- [Assignment] Omit the pictures and reproduce the rest of the listing exactly.
Given material Block Start
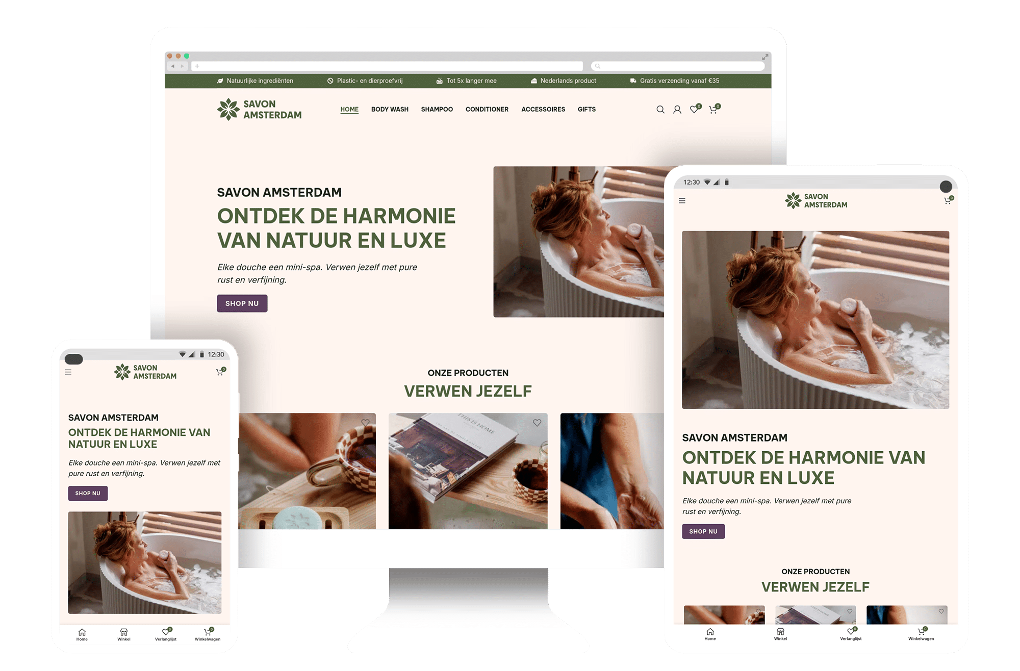 Voor Savon Amsterdam realiseerden we een webshop die de duurzame missie en luxe uitstraling van het merk tot leven brengt. Savon biedt plasticvrije verzorgingsproducten, zoals shampoo bars en body bars, allemaal gemaakt met natuurlijke ingrediënten en een oog voor het milieu.
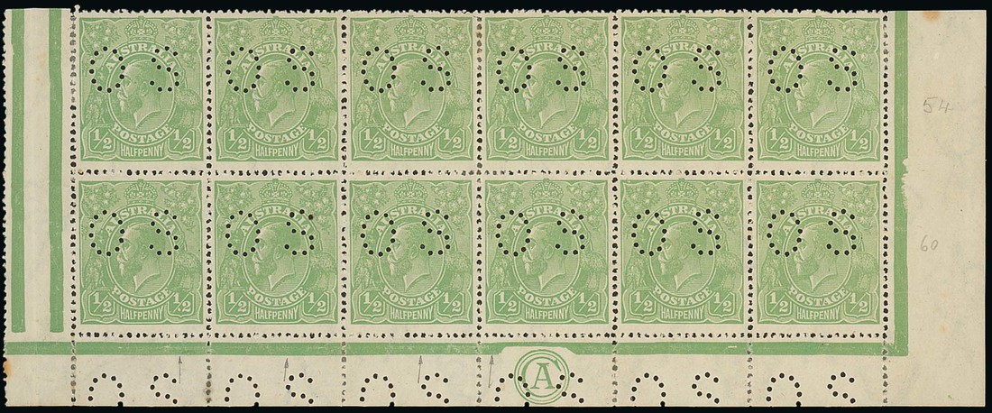 ½d. green, large multiple watermark, Electro 4, a block of twenty-four being the bottom two rows of the sheet split into two blocks of twelve, showing "CA" monogram both sides, all perforated "OS", a few re-inforced perfs otherwise fine mint. Very rare, approximately twenty strips of twelve have survived. S.G. 48; BW 65(4)zf, $3000. Photo
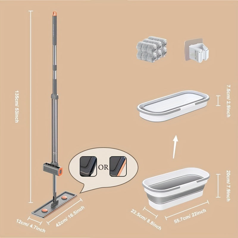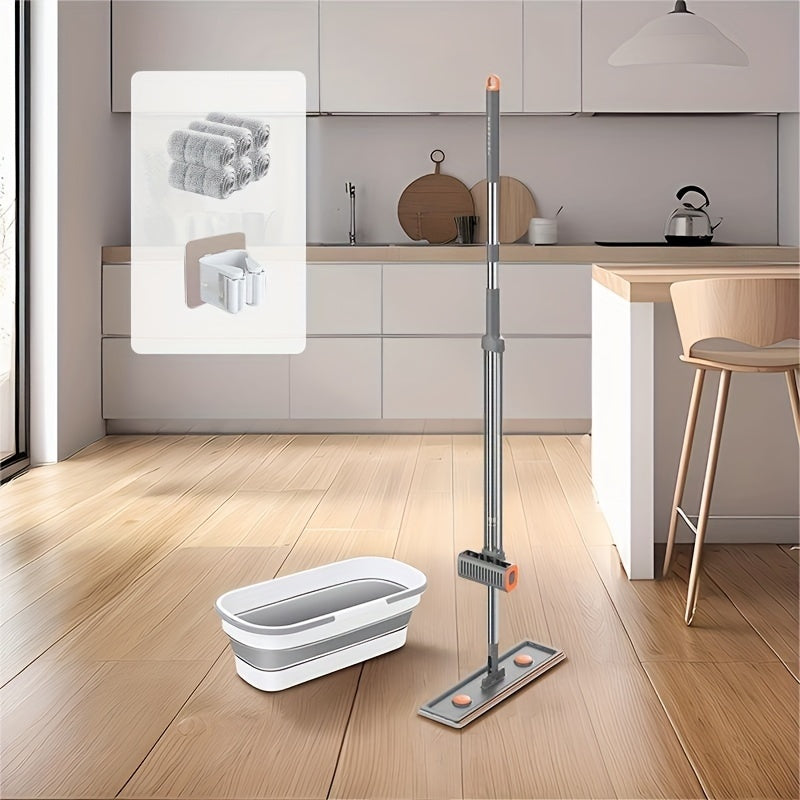 Yassi mop va bukletli kova to'plami, aylanadigan bosh va qayta ishlatiladigan mato bilan
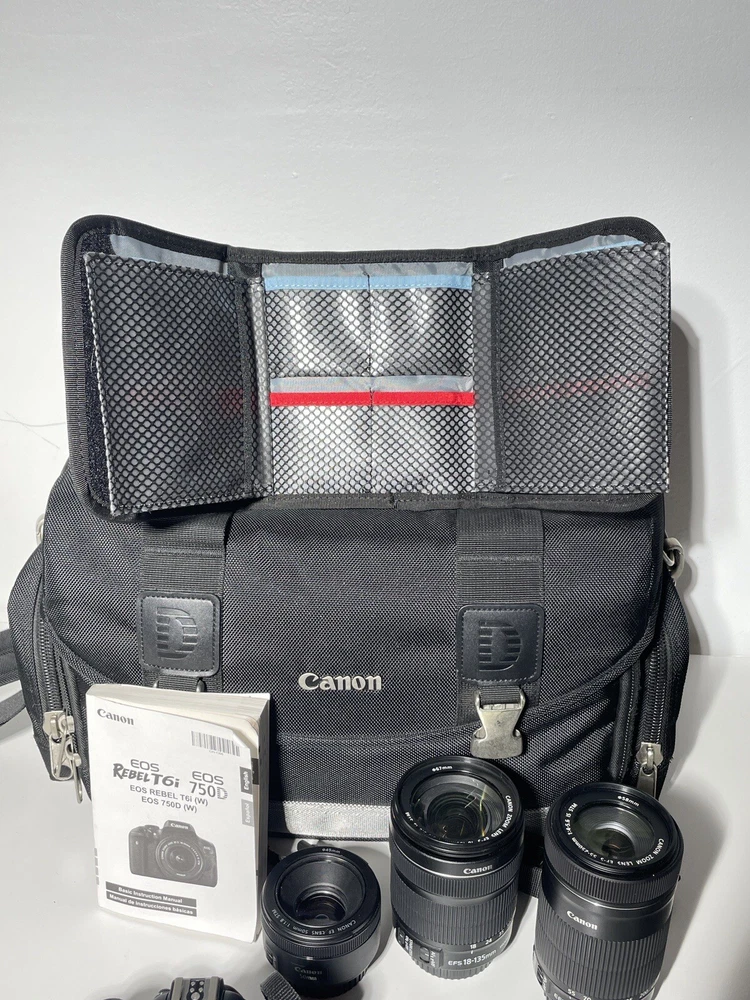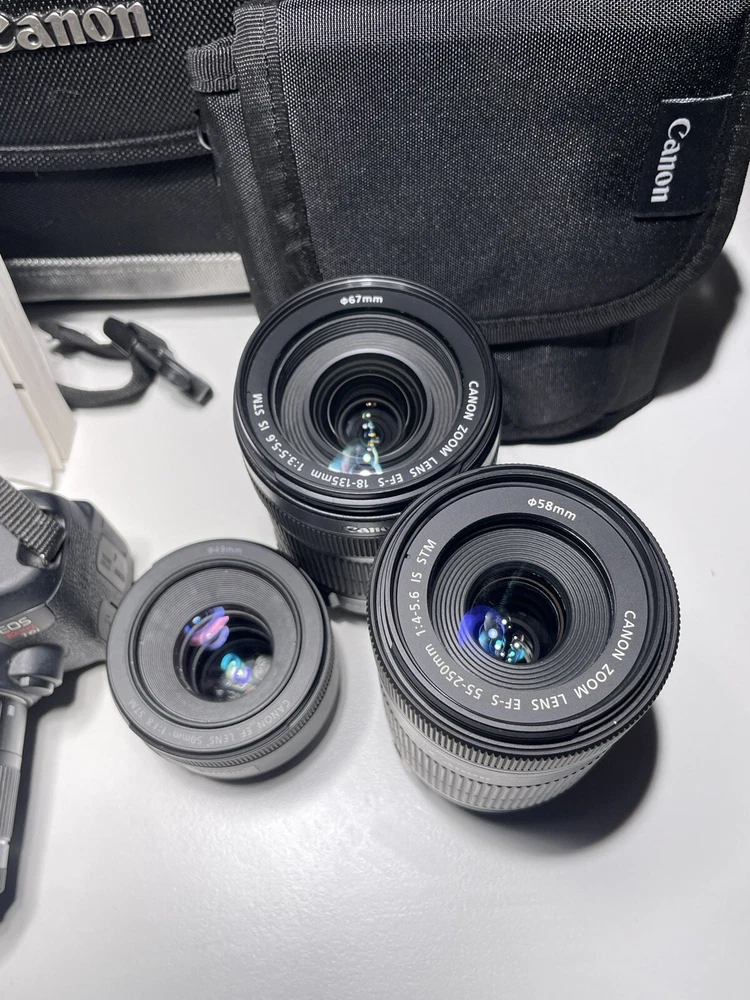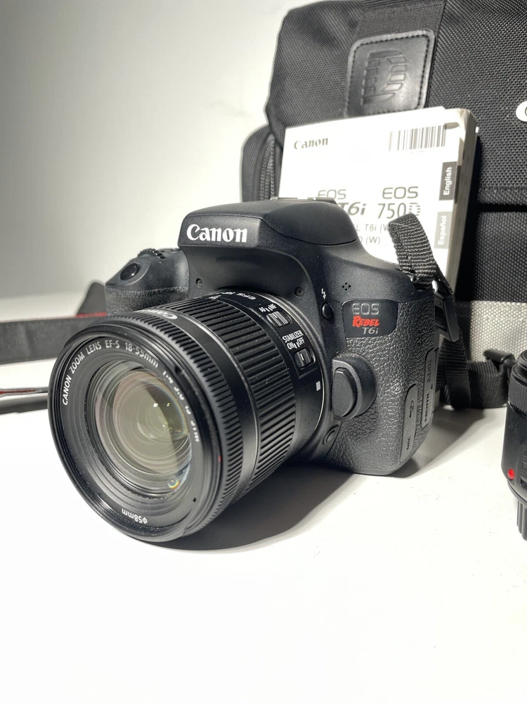 Canon T6i kit with four lenses, sturdy case, charger (not pictured) and instructions booklet. I purchased this new about two years ago and hardly used it (I mostly shoot analog). It has been very well maintained in a smoke free home. This kit would be great for any beginner, hobbiest or professional photographer! The lenses are; EF 50mm 1.8 (AMAZING lens.) EF-S 18-55mm 1:4-5.6 EF-S 18-135mm 1:3.5-5.6 EF-S 55-250 1:4-5.6 I have years of professional experience in camera sales, don’t hesitate to reach out with any questions. Willing to ship, let me know. Happy holidays! (PS - This model is listed on Amazon with only ONE lens for $799)
Given material Block End
- [Answer]
 Voor Savon Amsterdam realiseerden we een webshop die de duurzame missie en luxe uitstraling van het merk tot leven brengt. Savon biedt plasticvrije verzorgingsproducten, zoals shampoo bars en body bars, allemaal gemaakt met natuurlijke ingrediënten en een oog voor het milieu.
 ½d. green, large multiple watermark, Electro 4, a block of twenty-four being the bottom two rows of the sheet split into two blocks of twelve, showing "CA" monogram both sides, all perforated "OS", a few re-inforced perfs otherwise fine mint. Very rare, approximately twenty strips of twelve have survived. S.G. 48; BW 65(4)zf, $3000. Photo
 Yassi mop va bukletli kova to'plami, aylanadigan bosh va qayta ishlatiladigan mato bilan
 Canon T6i kit with four lenses, sturdy case, charger (not pictured) and instructions booklet. I purchased this new about two years ago and hardly used it (I mostly shoot analog). It has been very well maintained in a smoke free home. This kit would be great for any beginner, hobbiest or professional photographer! The lenses are; EF 50mm 1.8 (AMAZING lens.) EF-S 18-55mm 1:4-5.6 EF-S 18-135mm 1:3.5-5.6 EF-S 55-250 1:4-5.6 I have years of professional experience in camera sales, don’t hesitate to reach out with any questions. Willing to ship, let me know. Happy holidays! (PS - This model is listed on Amazon with only ONE lens for $799)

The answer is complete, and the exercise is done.